York County, Pa. made big, heavy things – and was immensely proud of it, Part II
When this Evening Sun in Hanover, Pa., photo was produced in 2008, about 16,000 pounds of potato chips per hour rolled off the lines at Utz Quality Foods’ High Street plant in Hanover. Earlier this year, a deal in which Snyder’s of Hanover would acquire cross-town snack food producer Utz Quality Foods fell through. Also of interest: Chipmaking of the potato kind has deep roots in York County and Who makes the best potato chips in York County, Martin’s or Utz? Or someone else? and York Barbell’s tall, heavyweight lifter has long helped put York County on the map.
I’ve written previously that York County manufacturers have historically made BIG, HEAVY THINGS.
York Barbell, of course, is Exhibit A, almost by definition.

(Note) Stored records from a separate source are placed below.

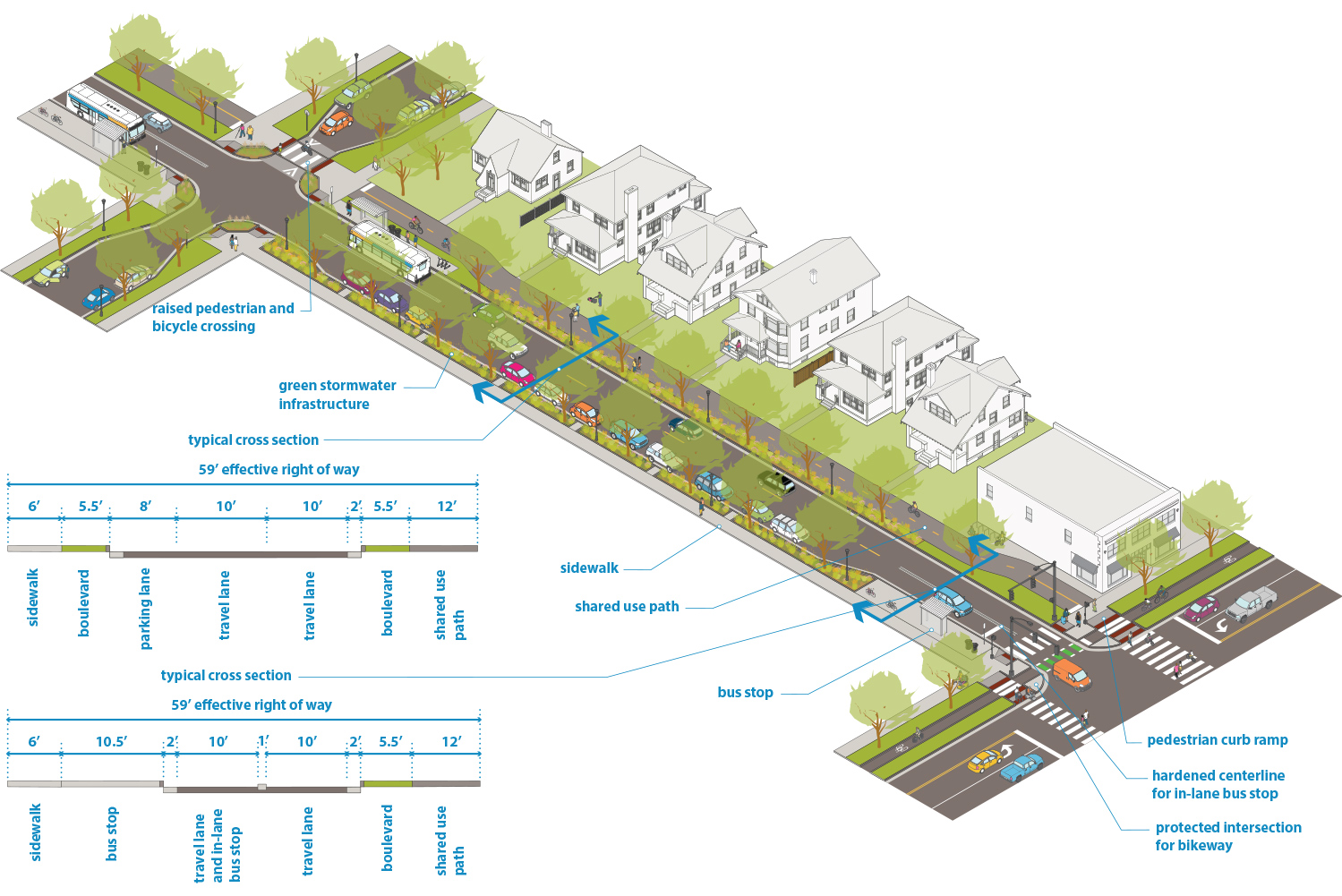 2-way Urban Neighborhood Connector street with 1-side parking and shared use path (59’ effective right of way)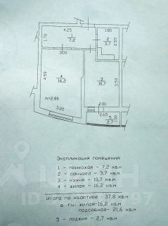 Площадь квартиры по выписке из ЕГРН - 38 м2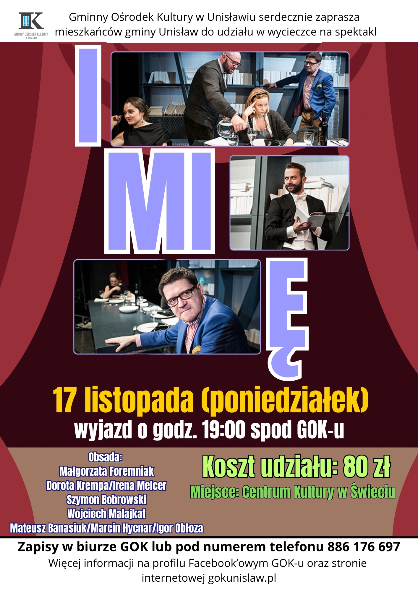 Gminny Ośrodek Kultury w Unisławiu serdecznie zaprasza mieszkańców gminy Unisław do udziału w wycieczce na spektakl komediowy „Imię”, który odbędzie się 17 listopada (poniedziałek) w sali widowiskowej – Centrum Kultury w Świeciu. Wyjazd spod GOK-u o godzinie 19:00, koszt udziału 80 zł za osobę (cena zawiera bilet wstępu, przejazd i ubezpieczenie). Czas trwania spektaklu ok. 1,5h.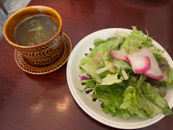 セットなのではじめにスープとサラダが提供されます。 スープも玉ねぎたっぷりで、さらさらだけど味が濃くて美味しい。 このお店、一つひとつが全部美味しいんですよね。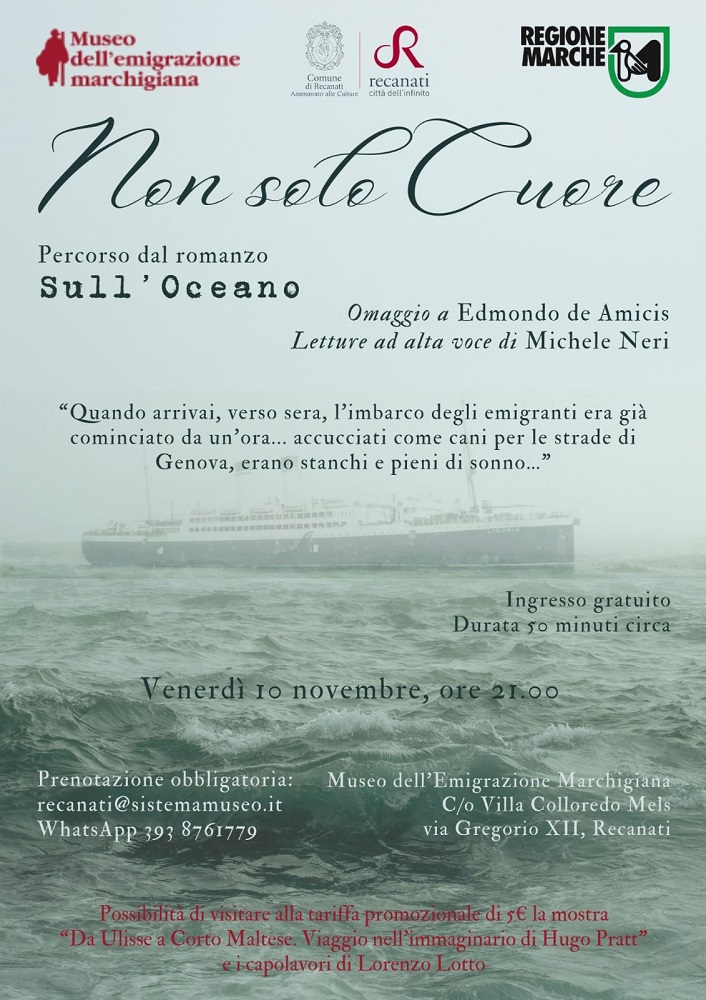 Si terrà venerdì 10 novembre, alle ore 21 presso il Museo dell’Emigrazione Marchigiana di Recanati, un percorso di letture ad alta voce a cura di Michele Neri partendo dal testo di Edmondo De Amicis “Sull’Oceano” del 1889, nel quale il celebre scrittore descrive con grande maestria il suo reale viaggio per le Americhe a bordo di un transatlantico. Per l’occasione De Amicis racconta con grande partecipazione la miseria e la tenacia del popolo dei migranti.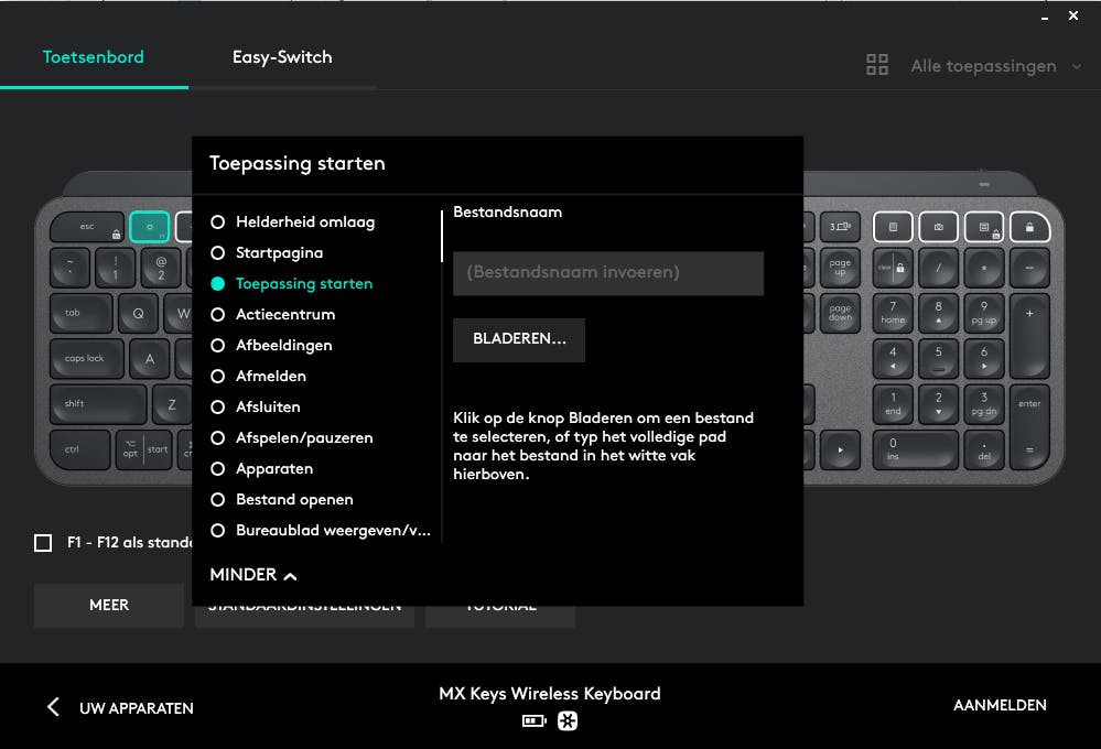 De functietoetsen die standaard werken in de alternatieve modus met de software een andere functie geven waarbij je de keuze hebt uit allerlei functies die het besturingssysteem te beiden heeft. Ook kun je een programma starten, een toetscombinatie toekennen of een bestand openen. Standaard hebben de functietoetsen overigens al handige functionaliteit met fucnties voor vensterbeheer en mediabediening. De knoppen voor helderheid omhoog en omlaag (onder F1 en F2) zullen op veel Windows-systemen echter niets doen en die kun je dus sowieso al op iets anders instellen. Uiteraard kun je ook de klassieke functietoetsen F1 tot en met F12 gebruiken. Dat kan in combinatie met de FN-knop, maar je kunt de klassiek functies via de software ook de standaardfunctionaliteit maken.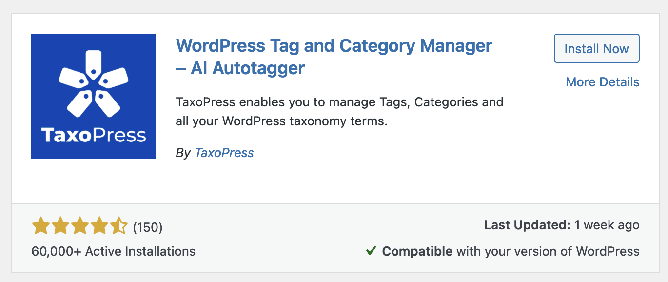 Start by installing the TaxoPress plugin. There’s a free version from WordPress.org. This screenshot below shows how the TaxoPress plugin will appear when you search for it from your “Plugins” screen.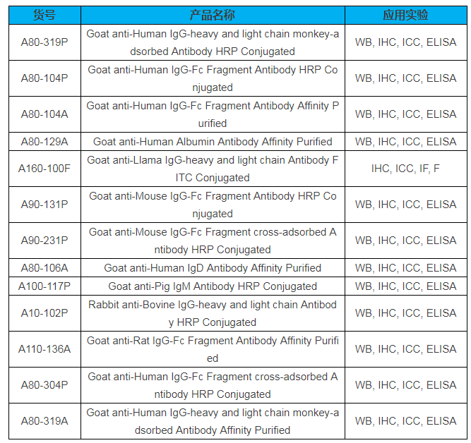 Bethyl 二抗熱賣產品列表

Some lines of the old Pfaltzgraff pottery were known as stoneware and plates are rock-like in weight – wonderful rocks, I might add.
York Safe & Lock made vaults and other such equipment whose bulk kept their contents safe… .
Snyder’s of Hanover, on Hanover’s east side, was to acquire west side chipmaker Utz, before the plan fell through.
Bradley Lifting made large blocks that could hold even larger hooks.
Caterpillar made big machines here, and of course, Harley made big, throaty bikes, not those whiny, little, pastel hummingbirds that dart through traffic.
But Harley-Davidson and other makers of BIG, HEAVY THINGS are struggling.
And news came last week that two snack food makers – yes, snack foods as in fragile potato chips – would merge to become perhaps York County’s largest manufacturer.
The proposed deal – Snyder’s of Hanover’s acquisition of Utz – would make for potential employment of more than 4,000.
The deal fell through, but imagine if it had worked. The merger would have made the company nearly the size of York Corporation and other area factories during the peak industrial years of World War II. York Corporation, by the way, made big refrigeration units for Victory ships and other military uses, and its successors chilled the likes of The Chunnel and the World Trade Center.
Those snack food talks down in York County’s southwestern part serve as another signal that the U.S. economy is moving from heavy industry to a service economy.
And there’s a bit of what goes around, comes around here.
Agriculture fueled York County’s economy from its earliest years until the post-Civil War Industrial Revolution.
Now the snack food giants and food processors – fueled by grain and potatoes and good from the soil – are primed to address an economy in which consumers use, well, one crunchy chip at a time.